2. In what business scenario would you compute a partial correlation rather than a simple correlation?
3. If r_XZ and r_YZ are both near 1, what happens to the partial correlation r_{XY·Z}?
4. Can a partial correlation be larger than the zero-order correlation? If yes, give an example scenario.
:::
## Correlation Matrices and Heatmaps
A **correlation matrix** displays pairwise correlations between all variables in a dataset. Visualised as a **heatmap**, it enables quick identification of relationships across many variables.
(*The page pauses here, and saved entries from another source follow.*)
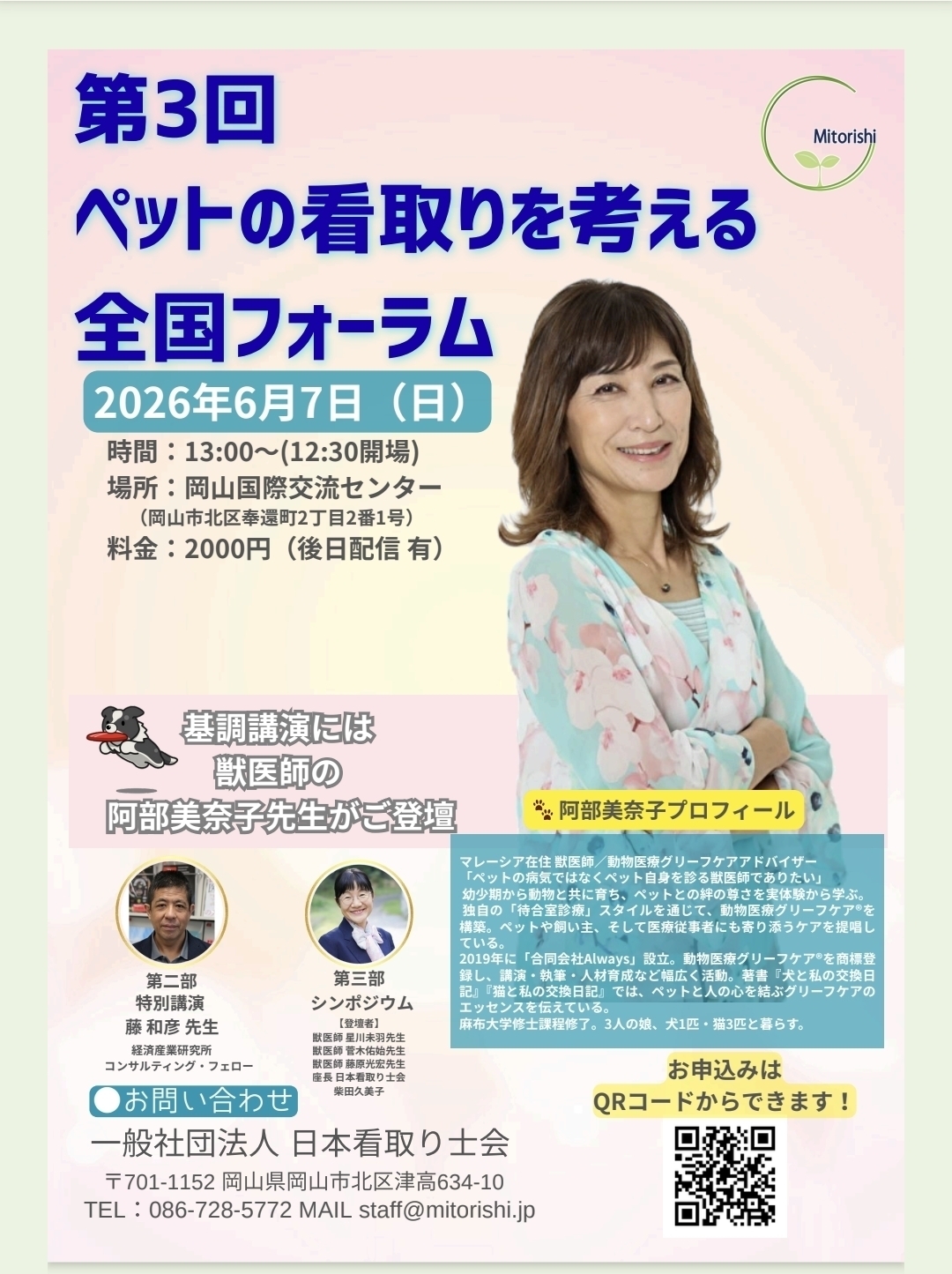 阿部美奈子先生も登壇し、ペットを幸せに守るためには重要な動物医療でのグリーフケアをお伝えします。
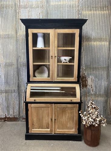 Curved Door 6'10" Black with Teak Kitchen Cabinet, Kitchen Storage, Cupboard, B
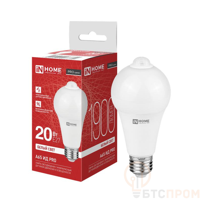 Лампа светодиодная LED-A65 ИД-PRO 20Вт 4000К E27 1900лм 230В 5м 35сек с инфракрасным датчиком и датчиком освещенности IN HOME 4690612067810
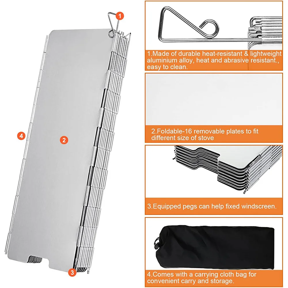 8/9/10/12/14/16 プレート折りたたみキャンプストーブフロントガラスガスストーブフロントガラス軽量屋外ピクニッククッカーウインドスクリーン
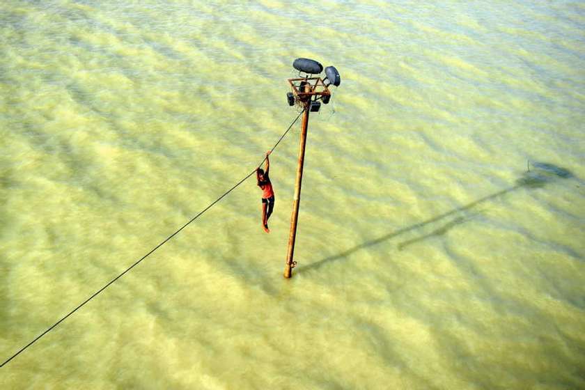 Երիտասարդ հնդիկն անցնում է վարարած Գանգես գետը:
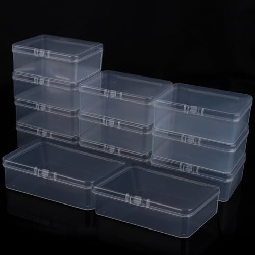 TRUEIN 12 st förvaringslådor med lock liten plast, liten förvaringslåda plast transparent plastlåda, mini plastlådor set för piller, pärlor, smycken, hantverk

::: {.callout-note icon="false"}
## 📘 Theory: Correlation Matrices
For p variables X₁, X₂, ..., X_p, the correlation matrix R is:
$$R = \begin{pmatrix}
1 & r_{12} & r_{13} & \cdots & r_{1p} \\
r_{21} & 1 & r_{23} & \cdots & r_{2p} \\
r_{31} & r_{32} & 1 & \cdots & r_{3p} \\
\vdots & \vdots & \vdots & \ddots & \vdots \\
r_{p1} & r_{p2} & r_{p3} & \cdots & 1
\end{pmatrix}$$
**Properties:**
- Symmetric: r_ij = r_ji
- Diagonal elements all equal 1 (correlation with self)
- Positive semi-definite (all eigenvalues ≥ 0)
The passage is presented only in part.